Su Linger miró hacia atrás y solo se relajó cuando vio a Chen Xiao completamente vestido.
Durante todo el camino, apenas habló.
Lo que había pasado hoy era demasiado vergonzoso; ni siquiera sabía cómo enfrentarse a Chen Xiao.
Primero, actuar como una mujer obsesionada y lanzarse a sus brazos; luego, que Chen Xiao la viera por completo; y después, presenciar la escena entre Chen Xiao y su íntima amiga Lu Rugao…
Al pensar en ello, las escenas se repetían en su mente sin cesar.
Su cuerpo volvió a acalorarse.
Rápidamente.
Su Linger guio a Chen Xiao hasta la mansión de la Familia Su.
Sin embargo, en cuanto entraron, pudieron oír un alboroto en el interior.
La discusión era intensa.
Al avanzar, Chen Xiao pudo ver a lo lejos que Su Jianglin y su hermano se enfrentaban a un grupo de personas.
Al frente del grupo contrario había un anciano de baja estatura, con una voz severa y una presencia imponente. Las personas que estaban detrás de él también tenían un aspecto agresivo.
El anciano habló con frialdad:
—Mi hermano lleva días en coma. Ya que vosotros dos sois unos incapaces, ¡dejadme que me lo lleve para que lo vea un doctor y lo trate!
—¡Sois unos hermanos realmente incompetentes, ni siquiera intentáis salvar a vuestro padre!
Les regañó a los dos hermanos en voz alta, con aire de superioridad moral.
—¡Así es, como sois unos inútiles, dejad que nosotros nos ocupemos de nuestro tío mayor! —dijo con arrogancia un joven que estaba detrás del anciano.
El rostro de Su Jianglin estaba sombrío; sabían de sobra lo que esa gente estaba tramando.
Las personas que tenían delante eran su Segundo Tío, Su Wude, y su facción. Su Wude llevaba mucho tiempo codiciando el puesto de Patriarca de la Familia Su, pero como el Sr. Su siempre los reprimía, nunca habían tenido la oportunidad de actuar.
Ahora, estaba claro que usaban esto como excusa para montar una escena y forzar un enfrentamiento.
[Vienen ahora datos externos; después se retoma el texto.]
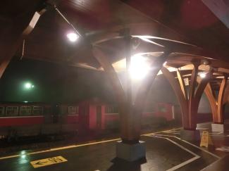 雨が降っているので、シャトルバスを降りたら、速攻、駅舎に入ります。
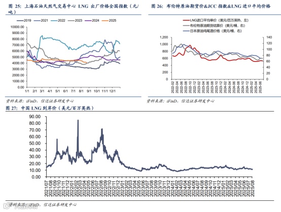 截至8月21日,欧洲TTF现货价格为11.27美元/百万英热,同比下降5.4%,周环比上升4.1%;美国HH现货价格为3.03美元/百万英热,同比上升35.9%,周环比下降1.3%;中国DES现货价格为11.37美元/百万英热,同比下降19.6%,周环比下降1.9%。
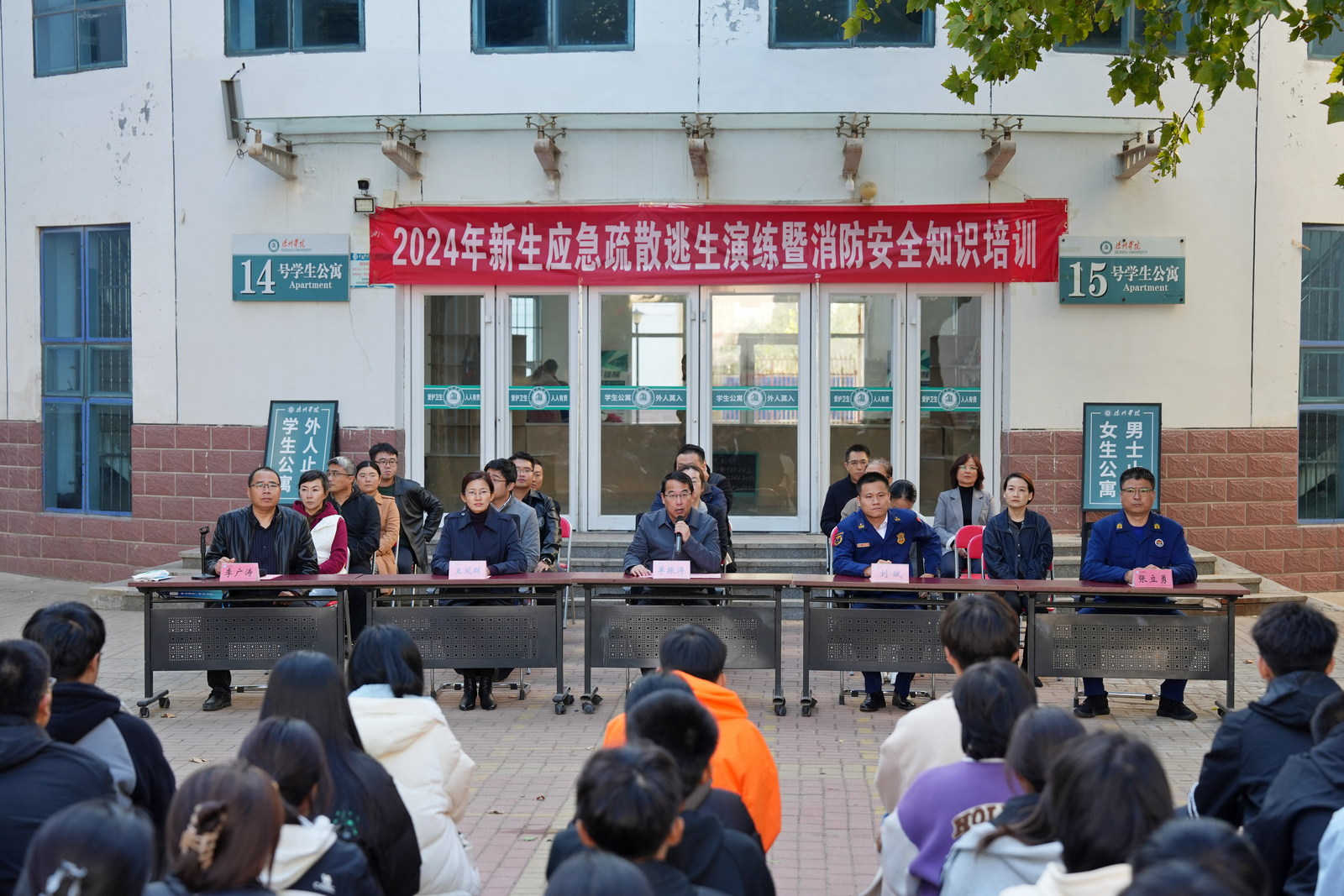 10月22日,学校组织开展2024级学生疏散逃生演练暨消防知识培训,校党委委员、副校长单振涛,德州市德城区消防大队大队长刘斌出席。
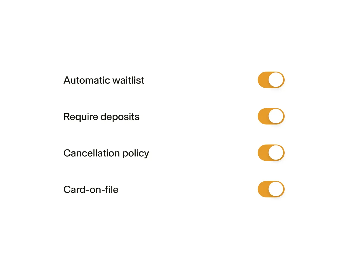 Protect your time and money by setting custom cancellation policies or requiring deposits or card-on-file at booking
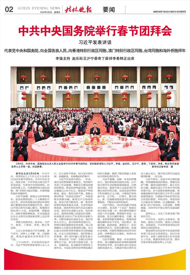 新华社北京2月8日电 中共中央、国务院8日上午在人民大会堂举行2024年春节团拜会。中共中央总书记、国家主席、中央军委主席习近平发表讲话,代表党中央和国务院,向全国各族人民,向香港特别行政区同胞、澳门特别行政区同胞、台湾同胞和海外侨胞拜年。

—¡Segundo Tío, podemos cuidar de padre! ¡Este asunto no requiere tu preocupación! —dijo fríamente Su Jianglin—. ¡Si seguís todos aquí, tendré que echaros!
Su Wude rugió:
—Hijos ingratos, ¿no os importa la seguridad de mi hermano? ¡Ya veo que solo queréis que mi hermano muera para así quedaros con el puesto de Patriarca de la Familia Su! ¡Hoy, aunque me cueste la vida, me llevaré a mi hermano! ¡Invitaré a un Doctor Divino para que lo trate!
—Mi abuelo tiene razón. ¡Hoy debemos llevarnos a nuestro tío mayor! —declaró Su Mo con aire de superioridad moral—. ¡Si alguien se atreve a detenernos, es porque quiere que el viejo muera!
Semejantes acusaciones hicieron que los rostros de Su Jianglin y su hermano se ensombrecieran extremadamente.
Al oír esas palabras, Su Linger tembló de ira, dio un paso al frente y dijo con frialdad:
—Su Mo, ¿fingiendo ser inocente? ¿No fuiste tú quien ordenó el ataque contra mí en Shennongjia?
—¡La cabeza de perro de tu secuaz todavía está en mi coche! ¡Es el momento perfecto para saldar esta cuenta hoy mismo!
Chen Xiao frunció el ceño, preguntándose por qué la Familia Su siempre estaba llena de problemas.
Dijo con frialdad:
—Si queréis discutir, hacedlo más tarde. Ahora solo pregunto una cosa: ¿va a recibir tratamiento el Sr. Su o no? Mi tiempo es valioso, no quiero malgastarlo.